We will continue to watch to see if nitrogen levels spike throughout the watershed from June/July to November as we have seen the past few years once river flow is lower. TRWA is the only one monitoring in the upper Taunton watershed on a regular basis. This monitoring is very important to understanding what is happening in the watershed and documenting the need for better nitrogen removal at WWTPs which dominate summer river flow and better stormwater control to reduce pollution and conserve groundwater for river base flow augmentation.

A piece of good news is despite high rainfall and river flows the fecal coliform levels on the days we tested were low both in April and May. This is good for recreation on the river so please check out our June 9 and 10 canoe/kayak trips on the website or our Facebook page

April Monitoring Results Available

The TRWA monitoring team sampled all 20 monitoring sites in April!  The team did a great job in its first outing of the 2018 sampling season braving cold weather and high river flows.

Extreme weather is the hallmark of climate change and we have seen wet winters and springs with more intense storms for at least the last three years.  On the flip side we have seen hotter dryer summers with droughts.

Our April data indicated high nitrate levels at a number of locations even though dilution of WWTP effluent is at its highest now with rivers near flood stage.  If this year follows the pattern of 2016 and 2017 nitrate target violations will likely again be substantial from July through November peaking from August to October critical months for aquatic life in both the river and estuary.

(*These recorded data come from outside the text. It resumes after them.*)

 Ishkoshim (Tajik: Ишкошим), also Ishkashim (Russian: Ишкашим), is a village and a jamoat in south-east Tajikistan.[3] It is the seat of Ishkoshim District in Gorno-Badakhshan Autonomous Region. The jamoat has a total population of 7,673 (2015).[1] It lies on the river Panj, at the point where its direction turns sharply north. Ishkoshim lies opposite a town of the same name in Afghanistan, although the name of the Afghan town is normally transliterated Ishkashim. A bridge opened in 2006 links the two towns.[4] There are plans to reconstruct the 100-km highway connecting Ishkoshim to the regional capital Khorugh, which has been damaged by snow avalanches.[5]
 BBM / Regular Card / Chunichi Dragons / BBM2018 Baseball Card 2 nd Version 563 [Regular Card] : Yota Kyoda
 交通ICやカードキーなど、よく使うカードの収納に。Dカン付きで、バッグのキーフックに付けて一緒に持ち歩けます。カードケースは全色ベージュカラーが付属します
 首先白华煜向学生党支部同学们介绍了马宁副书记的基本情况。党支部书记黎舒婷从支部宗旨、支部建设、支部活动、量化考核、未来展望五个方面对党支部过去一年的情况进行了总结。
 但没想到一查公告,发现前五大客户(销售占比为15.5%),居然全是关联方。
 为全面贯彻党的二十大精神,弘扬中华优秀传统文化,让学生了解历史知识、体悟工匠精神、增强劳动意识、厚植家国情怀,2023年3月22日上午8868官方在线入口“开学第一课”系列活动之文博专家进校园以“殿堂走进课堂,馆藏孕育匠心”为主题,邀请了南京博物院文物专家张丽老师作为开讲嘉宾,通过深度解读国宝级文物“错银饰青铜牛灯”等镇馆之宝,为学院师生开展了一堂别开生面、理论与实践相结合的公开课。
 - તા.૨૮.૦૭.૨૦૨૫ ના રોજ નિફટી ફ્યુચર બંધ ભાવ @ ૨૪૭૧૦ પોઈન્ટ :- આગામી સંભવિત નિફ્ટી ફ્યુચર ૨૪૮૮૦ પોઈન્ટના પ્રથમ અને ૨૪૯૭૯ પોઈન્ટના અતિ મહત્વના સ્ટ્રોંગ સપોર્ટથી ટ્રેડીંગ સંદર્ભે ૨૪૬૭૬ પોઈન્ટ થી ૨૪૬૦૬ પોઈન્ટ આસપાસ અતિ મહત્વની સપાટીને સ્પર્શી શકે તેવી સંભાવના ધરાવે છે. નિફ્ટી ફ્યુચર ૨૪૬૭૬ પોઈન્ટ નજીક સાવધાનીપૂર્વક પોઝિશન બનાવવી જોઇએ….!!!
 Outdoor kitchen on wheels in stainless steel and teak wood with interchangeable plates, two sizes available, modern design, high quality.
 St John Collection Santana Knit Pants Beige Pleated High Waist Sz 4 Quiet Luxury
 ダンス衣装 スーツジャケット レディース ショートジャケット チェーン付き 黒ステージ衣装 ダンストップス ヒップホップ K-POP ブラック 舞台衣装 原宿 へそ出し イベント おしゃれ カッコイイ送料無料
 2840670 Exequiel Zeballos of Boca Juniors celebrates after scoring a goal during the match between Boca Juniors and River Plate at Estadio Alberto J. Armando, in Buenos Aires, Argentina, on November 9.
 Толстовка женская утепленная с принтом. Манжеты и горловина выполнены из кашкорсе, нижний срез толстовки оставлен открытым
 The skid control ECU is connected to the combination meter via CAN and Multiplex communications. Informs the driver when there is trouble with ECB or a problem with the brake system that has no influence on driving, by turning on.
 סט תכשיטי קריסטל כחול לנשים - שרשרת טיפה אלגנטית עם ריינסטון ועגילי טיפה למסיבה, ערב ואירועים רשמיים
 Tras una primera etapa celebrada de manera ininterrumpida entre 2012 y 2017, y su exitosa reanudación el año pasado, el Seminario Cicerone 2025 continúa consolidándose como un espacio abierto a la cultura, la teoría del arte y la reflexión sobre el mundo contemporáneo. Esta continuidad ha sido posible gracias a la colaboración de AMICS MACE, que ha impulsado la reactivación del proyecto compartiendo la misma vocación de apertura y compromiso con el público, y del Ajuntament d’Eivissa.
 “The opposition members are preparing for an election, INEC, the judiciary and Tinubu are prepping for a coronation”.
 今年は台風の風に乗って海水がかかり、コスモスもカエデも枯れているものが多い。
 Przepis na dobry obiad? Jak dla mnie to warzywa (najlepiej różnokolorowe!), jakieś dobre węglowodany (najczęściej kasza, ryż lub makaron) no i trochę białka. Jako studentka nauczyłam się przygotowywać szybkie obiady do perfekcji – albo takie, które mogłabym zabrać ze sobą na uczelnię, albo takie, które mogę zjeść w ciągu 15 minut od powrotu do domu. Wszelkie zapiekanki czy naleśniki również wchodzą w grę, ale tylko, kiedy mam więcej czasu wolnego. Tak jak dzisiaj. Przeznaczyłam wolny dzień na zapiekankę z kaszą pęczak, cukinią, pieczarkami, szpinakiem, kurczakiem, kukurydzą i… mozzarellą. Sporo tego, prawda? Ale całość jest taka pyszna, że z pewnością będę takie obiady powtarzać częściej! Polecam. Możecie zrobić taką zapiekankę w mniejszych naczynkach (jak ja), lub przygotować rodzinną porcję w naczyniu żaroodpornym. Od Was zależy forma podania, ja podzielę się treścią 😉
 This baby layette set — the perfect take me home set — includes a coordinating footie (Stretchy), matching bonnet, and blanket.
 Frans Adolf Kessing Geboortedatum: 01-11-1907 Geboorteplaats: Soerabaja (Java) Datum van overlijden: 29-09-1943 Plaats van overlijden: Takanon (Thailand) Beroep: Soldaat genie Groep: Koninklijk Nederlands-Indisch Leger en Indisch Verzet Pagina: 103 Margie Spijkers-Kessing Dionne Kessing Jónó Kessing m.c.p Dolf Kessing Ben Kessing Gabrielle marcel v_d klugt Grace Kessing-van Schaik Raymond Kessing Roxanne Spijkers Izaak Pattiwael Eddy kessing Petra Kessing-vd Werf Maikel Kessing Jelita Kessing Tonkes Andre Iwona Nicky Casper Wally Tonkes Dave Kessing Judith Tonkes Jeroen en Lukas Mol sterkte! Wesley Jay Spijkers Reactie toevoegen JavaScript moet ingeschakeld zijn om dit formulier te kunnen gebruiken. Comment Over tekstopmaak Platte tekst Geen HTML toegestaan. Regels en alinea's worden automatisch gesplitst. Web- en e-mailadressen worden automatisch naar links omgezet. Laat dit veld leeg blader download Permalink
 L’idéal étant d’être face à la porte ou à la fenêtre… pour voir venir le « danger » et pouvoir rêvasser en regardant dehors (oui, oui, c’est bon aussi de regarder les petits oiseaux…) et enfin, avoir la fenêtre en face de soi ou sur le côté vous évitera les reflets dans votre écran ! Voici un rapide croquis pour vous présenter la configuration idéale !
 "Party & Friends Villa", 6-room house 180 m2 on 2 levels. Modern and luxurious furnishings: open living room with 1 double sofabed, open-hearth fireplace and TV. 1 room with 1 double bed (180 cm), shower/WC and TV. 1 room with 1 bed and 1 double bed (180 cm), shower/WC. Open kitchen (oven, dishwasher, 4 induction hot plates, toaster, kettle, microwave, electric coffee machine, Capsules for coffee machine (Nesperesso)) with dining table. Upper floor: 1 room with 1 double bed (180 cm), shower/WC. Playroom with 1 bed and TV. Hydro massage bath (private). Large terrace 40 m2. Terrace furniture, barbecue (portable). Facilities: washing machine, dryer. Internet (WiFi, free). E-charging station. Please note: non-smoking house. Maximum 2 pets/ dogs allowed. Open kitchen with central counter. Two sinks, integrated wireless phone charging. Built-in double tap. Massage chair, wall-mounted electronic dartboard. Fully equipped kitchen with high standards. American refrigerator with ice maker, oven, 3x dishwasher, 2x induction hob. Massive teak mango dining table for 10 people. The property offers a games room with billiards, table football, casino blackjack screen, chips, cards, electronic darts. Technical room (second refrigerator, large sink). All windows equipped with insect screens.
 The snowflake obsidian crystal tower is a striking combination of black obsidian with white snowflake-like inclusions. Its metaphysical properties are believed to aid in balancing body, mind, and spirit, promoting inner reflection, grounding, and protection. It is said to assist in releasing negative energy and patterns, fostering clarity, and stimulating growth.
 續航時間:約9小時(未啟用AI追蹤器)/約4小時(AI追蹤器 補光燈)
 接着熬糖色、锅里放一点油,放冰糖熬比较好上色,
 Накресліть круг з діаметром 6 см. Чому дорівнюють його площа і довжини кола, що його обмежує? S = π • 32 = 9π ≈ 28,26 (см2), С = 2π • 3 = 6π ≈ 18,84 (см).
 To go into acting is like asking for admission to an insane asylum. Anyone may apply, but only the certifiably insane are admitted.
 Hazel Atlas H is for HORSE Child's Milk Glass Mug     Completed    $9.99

Fortunately the watershed’s WWTPs are on compliance schedules to reduce nitrogen levels except Somerset (9+ years overdue) and Fall River (12+ years overdue).  We hope EPA and MassDEP will reissue these remaining long overdue permits soon.  We are also hopeful that municipalities and developers will do a better job addressing nutrients from stormwater discharges in the future.